Il agit comme une « sortie de secours numérique ». Il apaise les émotions, recentre le cœur sur le Christ et aide le couple à se tourner de nouveau l’un vers l’autre. Il enlève l’obstacle pour que la grâce puisse entrer.
Voici comment nous soutenons le mariage. Nous ne nous contentons pas de leur dire la vérité ; nous leur donnons un accès immédiat à la beauté de cette vérité, précisément aux moments où ils en ont le plus besoin.
Nous pouvons utiliser ces outils pour balayer les débris intellectuels qui séparent les couples, en leur offrant un langage commun et une vérité partagée sur laquelle s’appuyer.
Mais nous savons que cela ne suffit pas. Nous devons aller plus loin.
Nous devons également sécuriser l’espace où ce mariage vit et grandit. Nous nous tournons vers la prochaine étape de notre développement — un projet que nous appelons Ephrem.
Notre vision pour Ephrem est ce que nous appelons l’IA souveraine.

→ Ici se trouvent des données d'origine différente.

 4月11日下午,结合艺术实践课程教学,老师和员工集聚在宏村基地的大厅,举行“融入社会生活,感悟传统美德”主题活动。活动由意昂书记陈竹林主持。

Aujourd’hui, lorsque nous utilisons des outils numériques, nous « louons » en quelque sorte de l’intelligence. Nous glissons vers une nouvelle forme de « féodalisme numérique » où nous devenons des « serfs numériques », cultivant la terre des données pour le compte de quelques grandes entreprises mondiales. Nous envoyons nos données familiales privées vers leurs immenses serveurs, et ce sont eux qui détiennent les clés.
Ephrem change cette dynamique. Il applique au code le principe catholique de subsidiarité : garder les données et les décisions aussi proches que possible de la famille.

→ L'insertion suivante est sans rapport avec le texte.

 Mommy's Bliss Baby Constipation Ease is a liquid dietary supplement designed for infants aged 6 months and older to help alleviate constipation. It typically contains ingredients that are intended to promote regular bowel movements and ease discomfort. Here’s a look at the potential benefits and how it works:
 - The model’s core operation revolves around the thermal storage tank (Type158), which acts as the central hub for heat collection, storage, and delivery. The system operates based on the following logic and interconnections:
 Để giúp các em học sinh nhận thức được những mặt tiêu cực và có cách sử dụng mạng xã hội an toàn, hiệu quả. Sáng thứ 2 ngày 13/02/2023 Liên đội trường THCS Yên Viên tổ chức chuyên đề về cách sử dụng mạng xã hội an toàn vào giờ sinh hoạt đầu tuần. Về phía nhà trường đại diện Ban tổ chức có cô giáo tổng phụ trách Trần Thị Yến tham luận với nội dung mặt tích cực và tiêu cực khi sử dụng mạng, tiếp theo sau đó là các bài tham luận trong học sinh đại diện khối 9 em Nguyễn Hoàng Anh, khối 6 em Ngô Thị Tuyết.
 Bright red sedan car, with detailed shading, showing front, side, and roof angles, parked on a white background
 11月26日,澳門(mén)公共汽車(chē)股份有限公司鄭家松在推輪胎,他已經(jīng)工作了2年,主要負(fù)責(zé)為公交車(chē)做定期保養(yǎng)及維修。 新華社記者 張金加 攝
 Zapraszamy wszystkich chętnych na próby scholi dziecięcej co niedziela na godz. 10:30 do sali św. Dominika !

Techniquement, nous appelons cela un « petit modèle de langage » ou SLM. Mais vous pouvez le voir comme une « intelligence maison ».

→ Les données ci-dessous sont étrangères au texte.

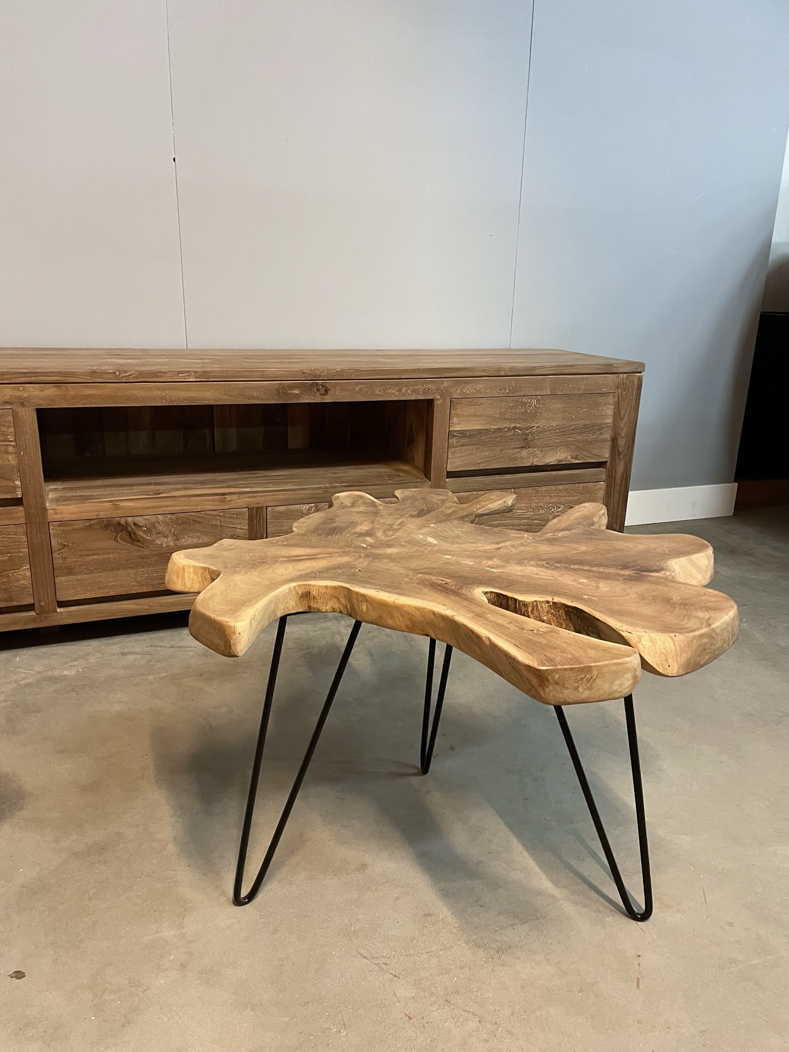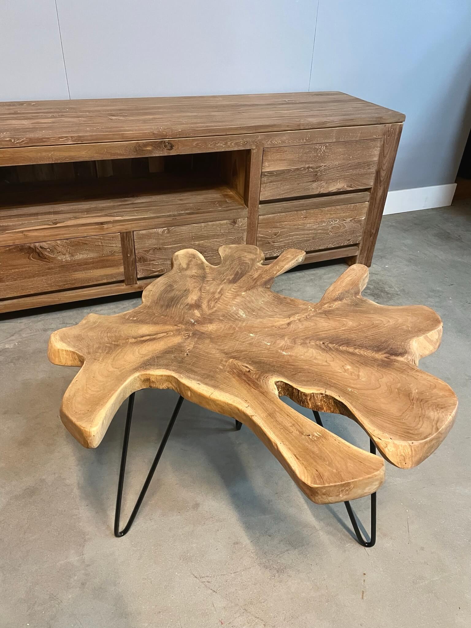 Speelse salon/bijzet tafel gemaakt van een stam doorsnede.

Pour comprendre la différence, il faut d’abord comprendre comment fonctionne une IA classique. En général, ces modèles sont tellement gigantesques qu’ils ne peuvent tourner que sur d’énormes superordinateurs dans un centre de données. Chaque fois que vous posez une question, vos mots doivent quitter votre domicile, probablement voyager jusqu’à un serveur en Virginie du Nord, être traités par une entreprise, puis revenir jusqu’à vous.
Vous envoyez en permanence des éléments de votre vie privée dans le cloud.
Ephrem est différent. Nous avons condensé le « cerveau » de l’IA afin qu’il soit suffisamment petit pour vivre directement sur votre propre disque dur.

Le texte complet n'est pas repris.